[Techtalk] re: Postfix reload

Carla Schroder carla at bratgrrl.com
Tue Sep 16 13:18:49 EST 2003 

On Tuesday 16 September 2003 12:48 pm, Travis Casey wrote:
> Tuesday, September 16, 2003, 1:46:25 PM, Carla Schroder wrote:

> > OK, let's make sure of our terminology- Spamassassin is not a RBL, it's a
> > filter.

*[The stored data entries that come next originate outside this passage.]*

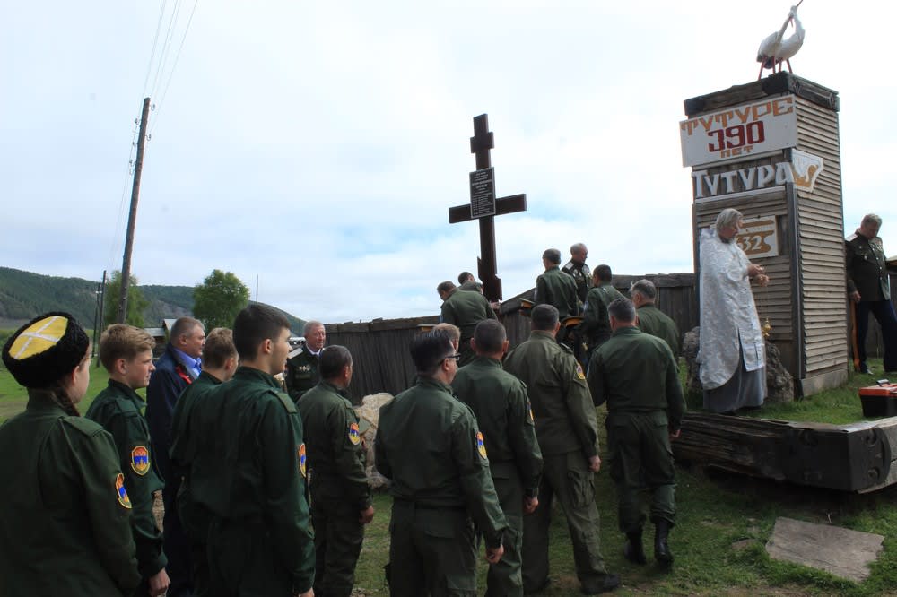 Деревянная стела с надписью «Тутура. Год основания 1632» встречает путников, пересекших понтонный мост через Лену. Теперь рядом с ней стоит крест – напоминание, что село было основано енисейским казаком-первопроходцем Петром Бекетовым. Мемориал освятили и официально открыли 4 июня, в день 390-летнего юбилея села.
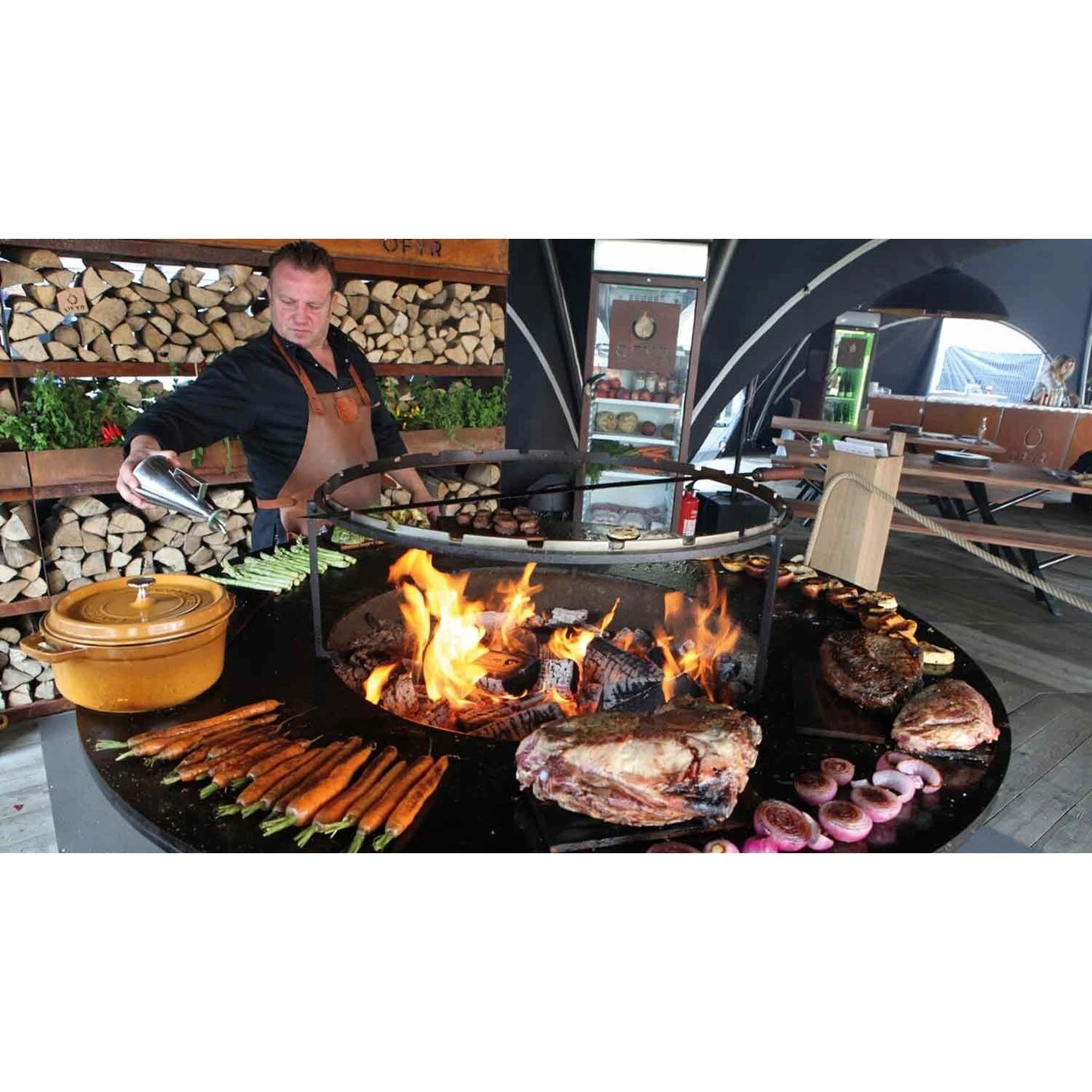 - 1 grille ronde avec son trépied (ø 76 cm) pour griller à la flamme de grosses pièces de viandes ou poser des poêles et casseroles au dessus du feu.
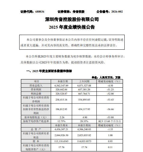 2月25日,传音控股(688036)发布业绩快报,2025年公司实现营收656.23亿元同比下降4.50%;归母净利润为25.84亿元,同比下降53.43%;扣非净利润为19.68亿元,同比下降56.66%。
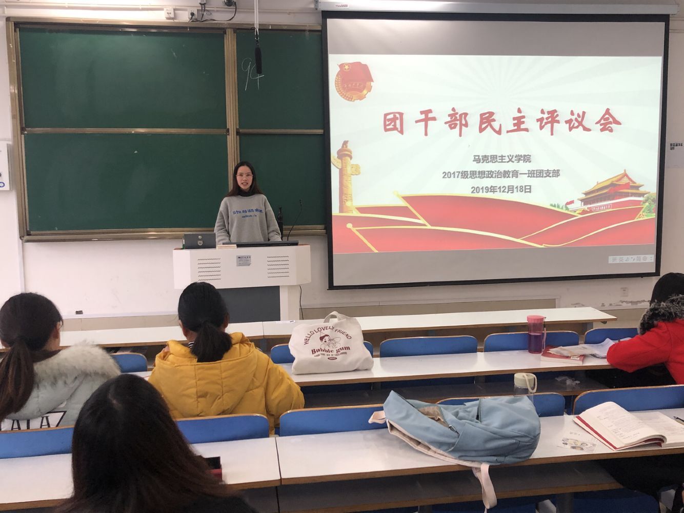 为实现团支部工作的透明化、公开化,进一步调动班团干部的工作积极性和创造性,更好地为员工服务,12月19日上午,2017级思想政治教育一班在社科楼516教室召开本学期团干部民主评议会。本次会议由团支书谢文静主持,全体同学共同参与。
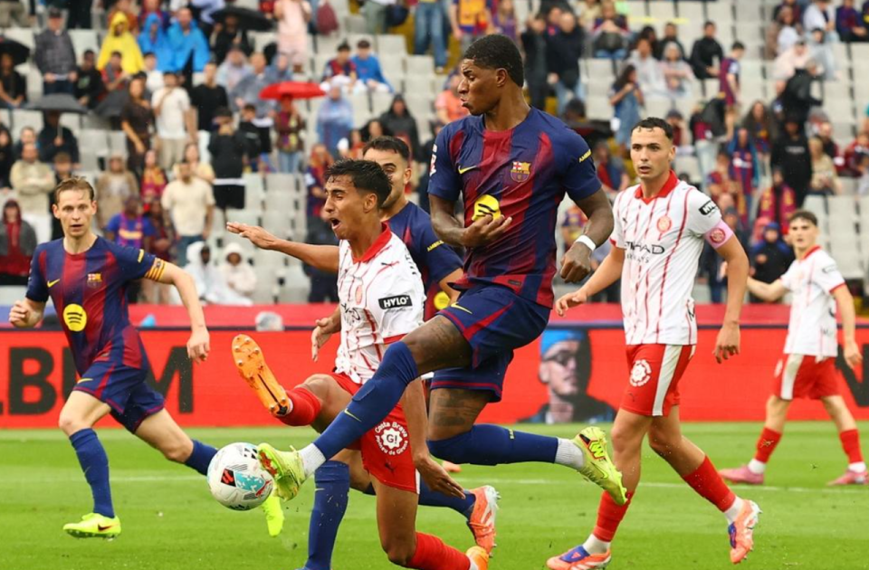 第20分钟,巴萨丢球了!维特塞尔在禁区内倒钩射门,皮球弹地后钻入球门远角。门将把身体拉到极限都没能碰到皮球。双方回到同一起跑线。4分钟后,巴萨差一点再次丢球。波图的单刀射门击中了立柱,非常可惜。随后,德容的抽射被门将神扑化解。第32分钟,拉什福德任意球直接射门,皮球击中门框弹出。7分钟后,希尔浪费单刀机会,踢高了。半场结束,巴萨1-1赫罗纳。

You know that. :) So yes, sending bounce messages from
> > Spamassassin is a waste of time, because it does not have the ability to
> > get past forged return addresses.
>
> Well... that depends on what you're doing.  We're using Spamassassin
> here, and we do wind up blocking some legitimate email -- generally
> from folks who have "spammer-like" email addresses like
> joe358 at aol.com, like to use ALL CAPS, put exclamation points in their
> subject lines, and use services like AOL with mail servers that often
> manage to wind up in blacklists.
>
> Now, if it were up to me, I might just ignore these people -- if
> you're going to send mail that looks like spam, you ought to expect it
> to get ignored.  Unfortunately, we're a government agency, and the
> people who write in all caps and use lots of exclamation points are
> often also people who like to complain to their representatives.  And with
> 10,000+ incoming emails/day, we have a hard time getting a zero
> false-positive rate.
>
> What we've wound up doing, then, is having a bounce message which
> basically says, "Your email has been rejected as possible unsolicited
> commercial email.  If you feel this is in error, please contact
> postmaster@<our agency>.  If you would include a copy of the message
> which you tried to send, that would help us to tune our filters."
>
> We also included postmaster in an "all-spam-to" line, so no one ever
> gets blocked from sending to our postmaster.
>
> Now, of course, there will be some forged addresses where folks who
> never sent us email are getting bounce messages... but from my logs,
> it looks like most spammer-forged addresses just don't exist.  In our
> situation, we think it's a necessary evil.  It especially won't do
> for, say, someone to send a query about their permit application and
> not know that their query never made it to us.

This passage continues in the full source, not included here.